- [Supplied material]:
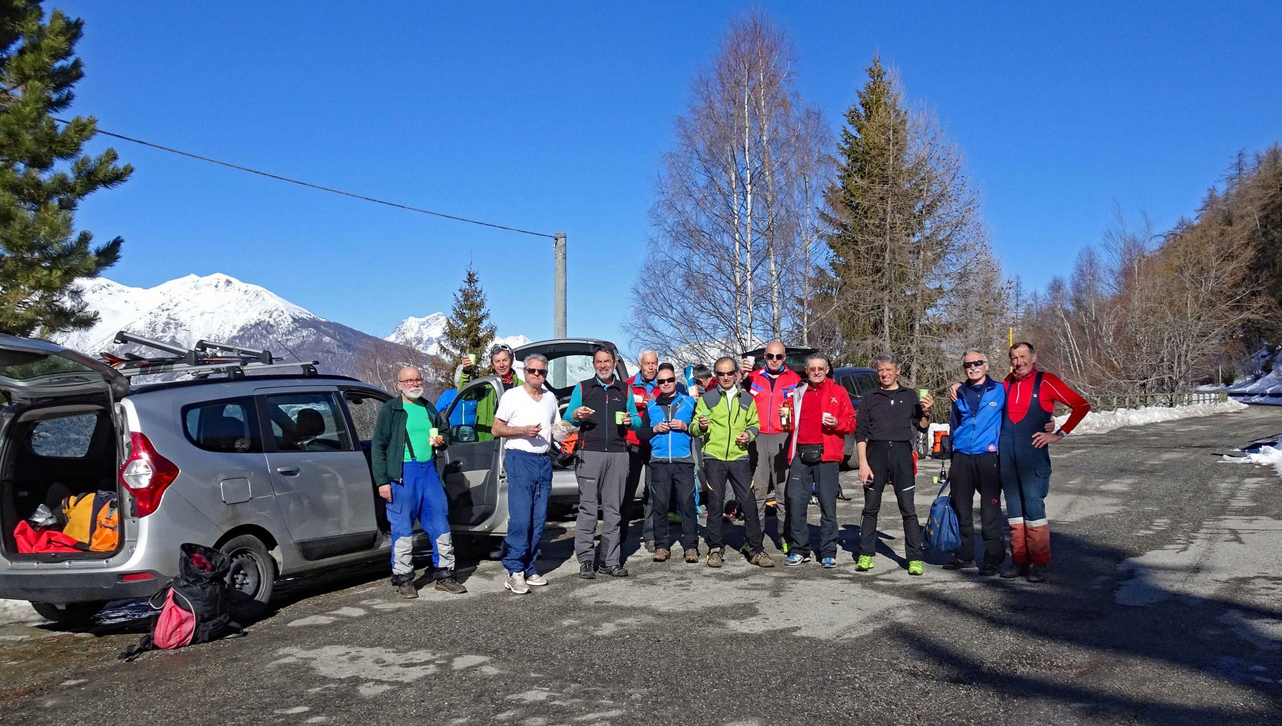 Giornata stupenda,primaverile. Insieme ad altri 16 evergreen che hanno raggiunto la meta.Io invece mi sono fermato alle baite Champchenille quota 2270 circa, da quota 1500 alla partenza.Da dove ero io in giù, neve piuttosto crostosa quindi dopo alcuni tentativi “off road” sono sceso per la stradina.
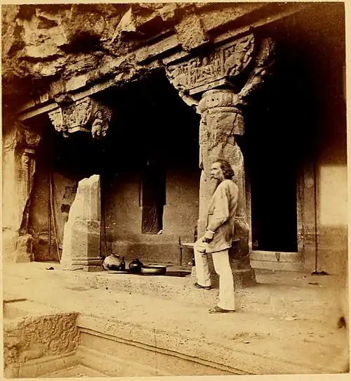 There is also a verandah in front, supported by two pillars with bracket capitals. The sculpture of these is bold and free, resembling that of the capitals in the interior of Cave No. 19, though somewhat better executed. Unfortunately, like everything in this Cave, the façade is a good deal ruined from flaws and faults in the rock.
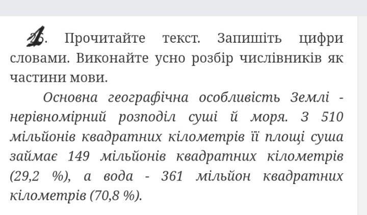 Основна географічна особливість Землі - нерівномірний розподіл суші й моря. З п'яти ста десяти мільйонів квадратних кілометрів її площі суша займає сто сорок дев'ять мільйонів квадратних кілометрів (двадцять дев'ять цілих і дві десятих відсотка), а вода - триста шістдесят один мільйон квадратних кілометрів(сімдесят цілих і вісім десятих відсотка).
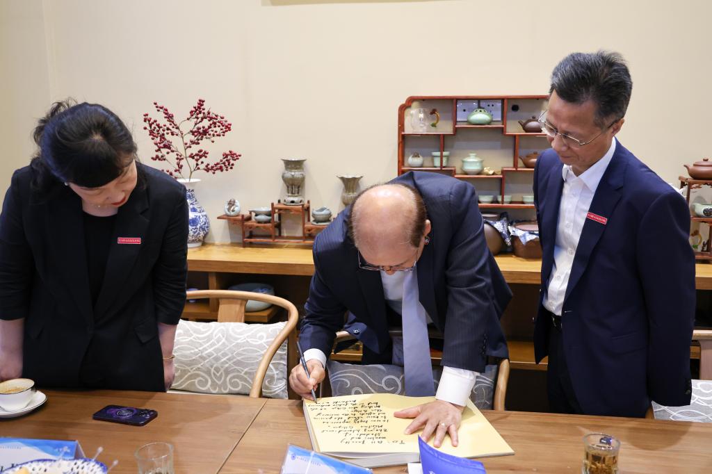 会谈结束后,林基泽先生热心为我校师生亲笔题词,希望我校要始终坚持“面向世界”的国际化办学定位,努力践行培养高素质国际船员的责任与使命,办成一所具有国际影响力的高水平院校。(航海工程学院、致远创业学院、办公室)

- [Goal of the exercise]:
Your copy should consist only of the lines from the line holding "There is also" through the final line of the listing above, both included, with all pictures omitted.

- [Result for this exercise]:
 There is also a verandah in front, supported by two pillars with bracket capitals. The sculpture of these is bold and free, resembling that of the capitals in the interior of Cave No. 19, though somewhat better executed. Unfortunately, like everything in this Cave, the façade is a good deal ruined from flaws and faults in the rock.
 Основна географічна особливість Землі - нерівномірний розподіл суші й моря. З п'яти ста десяти мільйонів квадратних кілометрів її площі суша займає сто сорок дев'ять мільйонів квадратних кілометрів (двадцять дев'ять цілих і дві десятих відсотка), а вода - триста шістдесят один мільйон квадратних кілометрів(сімдесят цілих і вісім десятих відсотка).
 会谈结束后,林基泽先生热心为我校师生亲笔题词,希望我校要始终坚持“面向世界”的国际化办学定位,努力践行培养高素质国际船员的责任与使命,办成一所具有国际影响力的高水平院校。(航海工程学院、致远创业学院、办公室)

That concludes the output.